The sceptical view was well put by the road historian Hugh Davies in his book From Trackways to Motorways: 5000 Years of Highway History: ‘What seems to have happened is that the ridgeways are the outcome of an idea of what ancient Britain was like, promoted by Victorian and earlier antiquaries keen to reconstruct a communication system worthy of those who built such dramatic monuments as Stonehenge and Avebury.’ The desire to seek patterns and infer meanings in the landscape is understandable, but can lead to trouble – witness the theory of ley lines advanced by Alfred Watkins in the 1920s and subsequently promoted by some of his followers with an ardour bordering on lunacy. At the same time, however, debunking need not go too far. The A303 may not have been Neolithic man’s way to the west. Nevertheless marvellously ancient ways do lie buried beneath that smooth band of asphalt and chippings, and a vast amount of ancient history is stored along its way.
* * *
The hur
tling motorist is most unlikely to notice a melancholy relic below the bridge that takes the A303 over the A34 between Basingstoke and Andover. I spotted it only because I was walking, which is no fun but does reveal a thing or two that you would otherwise miss.

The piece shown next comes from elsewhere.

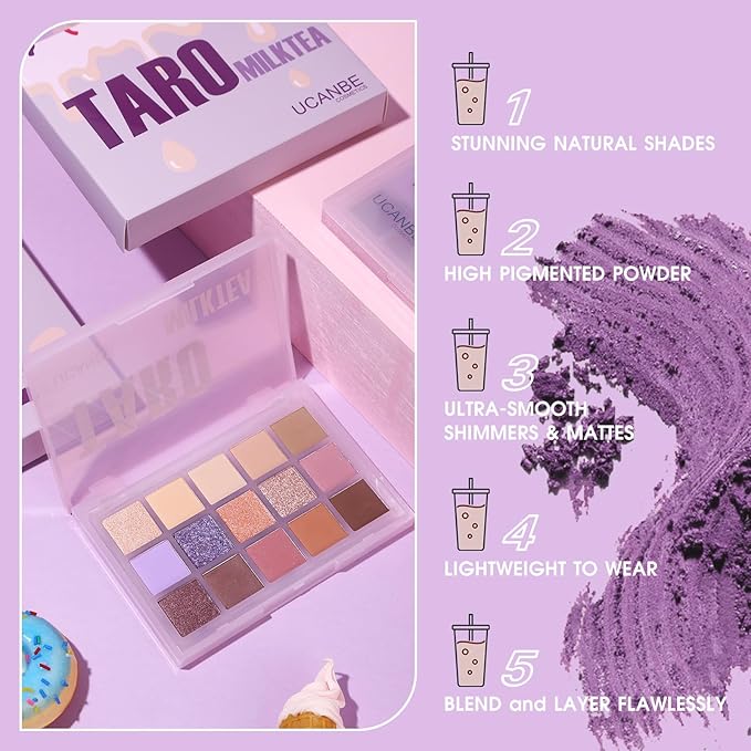 - ❤. This eye palette is inspired by taro milk tea, mixture of 15 stunning warm and cool toned shades that velvety & go on smoothly texture with matte shimmery finishes to create next level looks to unleash your artistry. Each high pigmented, easy to blend, buildable, and long-lasting, created to suit every skin tone and eye color.
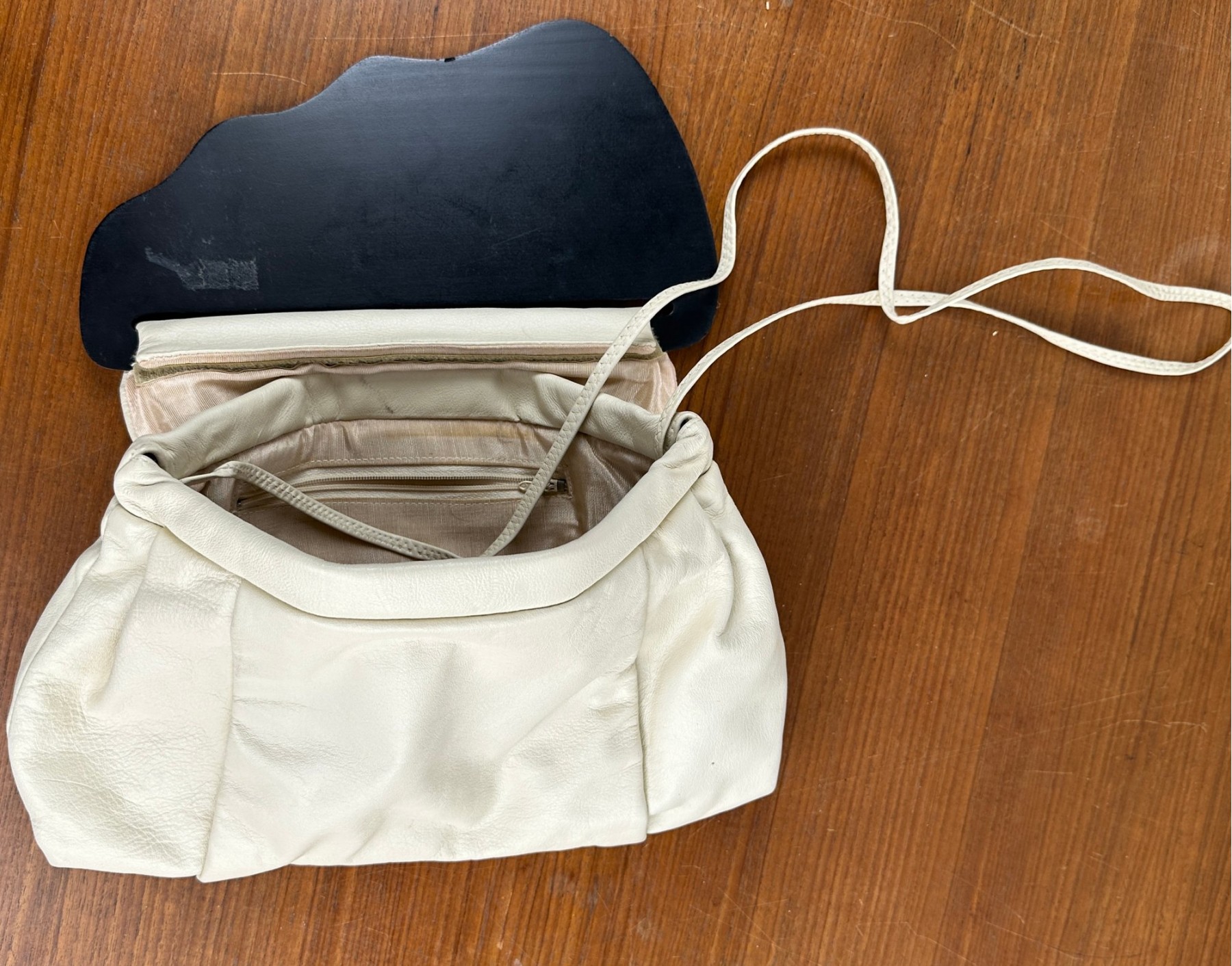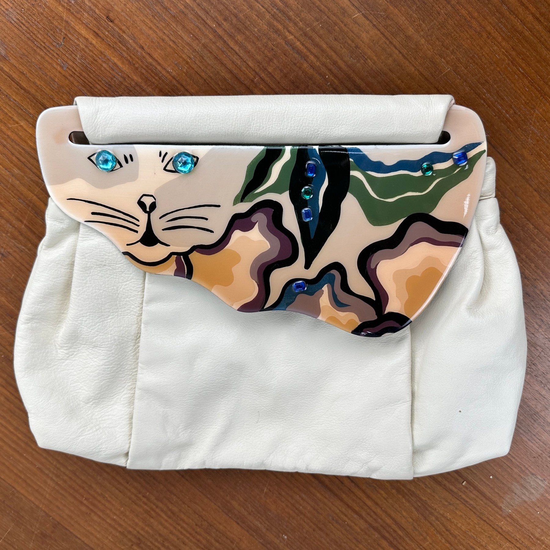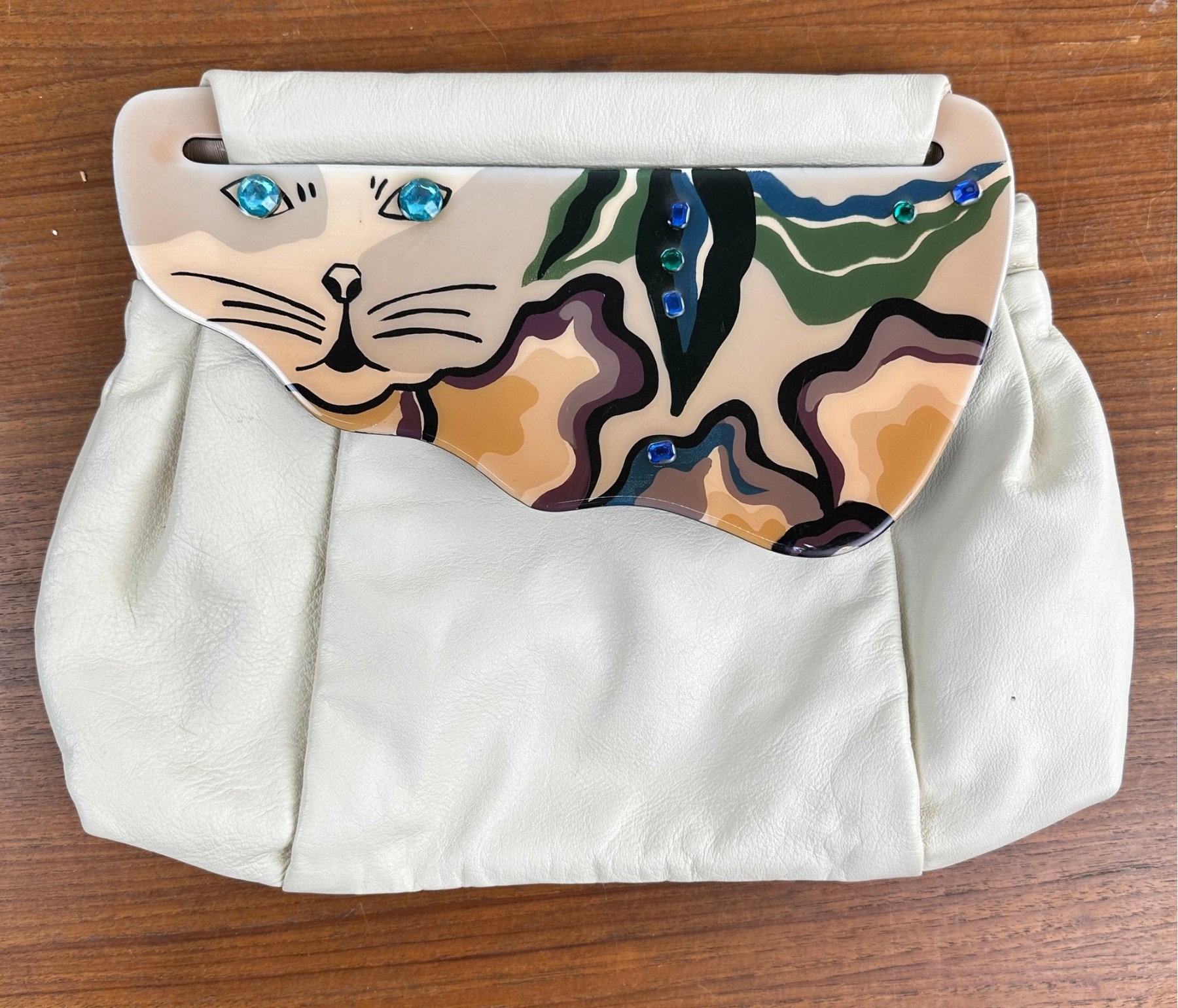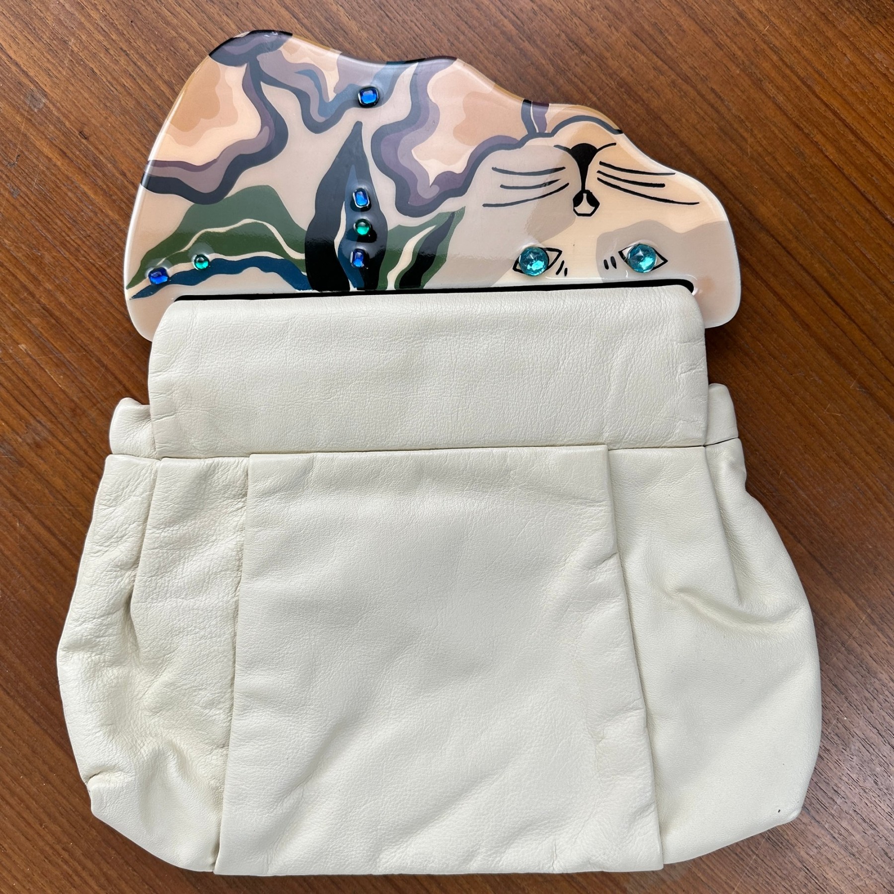 cross body strap inside. off white leather and resin or acrylic top with rhinestone eyes

It is a battered pub sign displaying a faded, flaking silver cross, and is all that remains of the Bullington Cross Inn. Researches in the Hampshire Records Office and elsewhere have failed to reveal anything much of the history of this hostelry, possibly because it was isolated from any village. It was certainly in business in the nineteenth century because it is described as ‘a lonely inn that stood where four roads meet’ in a book called On Southern Roads by a popular late-Victorian travel writer, James John Hissey (other titles include Over Fen and Wold and On the Box Seat). It stood right beside the Newbury–Winchester road. When the massive interchange with the A303 was built in the 1980s, the A34 was diverted away from the Bully, as the regulars knew it, allowing it a garden and some breathing space. Sadly for the Bully, the interchange also incorporated the resuscitated A30, as a result of which its design – involving two roundabouts and nine slip roads – was so complicated that the way into the pub became almost impossible for passing motorists to find. The Bully fell into decline, and now the site is occupied by a car-crushing and metal-recycling yard. Giant grabbers nod at transporters heaped high with shattered vehicles, and the murmur of beer drinkers and the music of the juke-box have been replaced by the sound of yesterday’s Mondeos and Escorts being reduced to manageable size.
Farewell the Bully
The fate of the Bullington Cross has been replicated up and down the A303. The old coaching inns have either been bypassed (the George in Andover, the George in Amesbury, the George in Ilminster, for instance), fly-overed (the White Horse at Thruxton), turned into fancy hotels (the Park House at Cholderton), or have disappeared altogether (the Deptford Inn at Wylye). The only hostelries still standing on the road are the Bell at Winterbourne Stoke, and the Eagle a few miles west of Ilminster, which is a sad state of affairs.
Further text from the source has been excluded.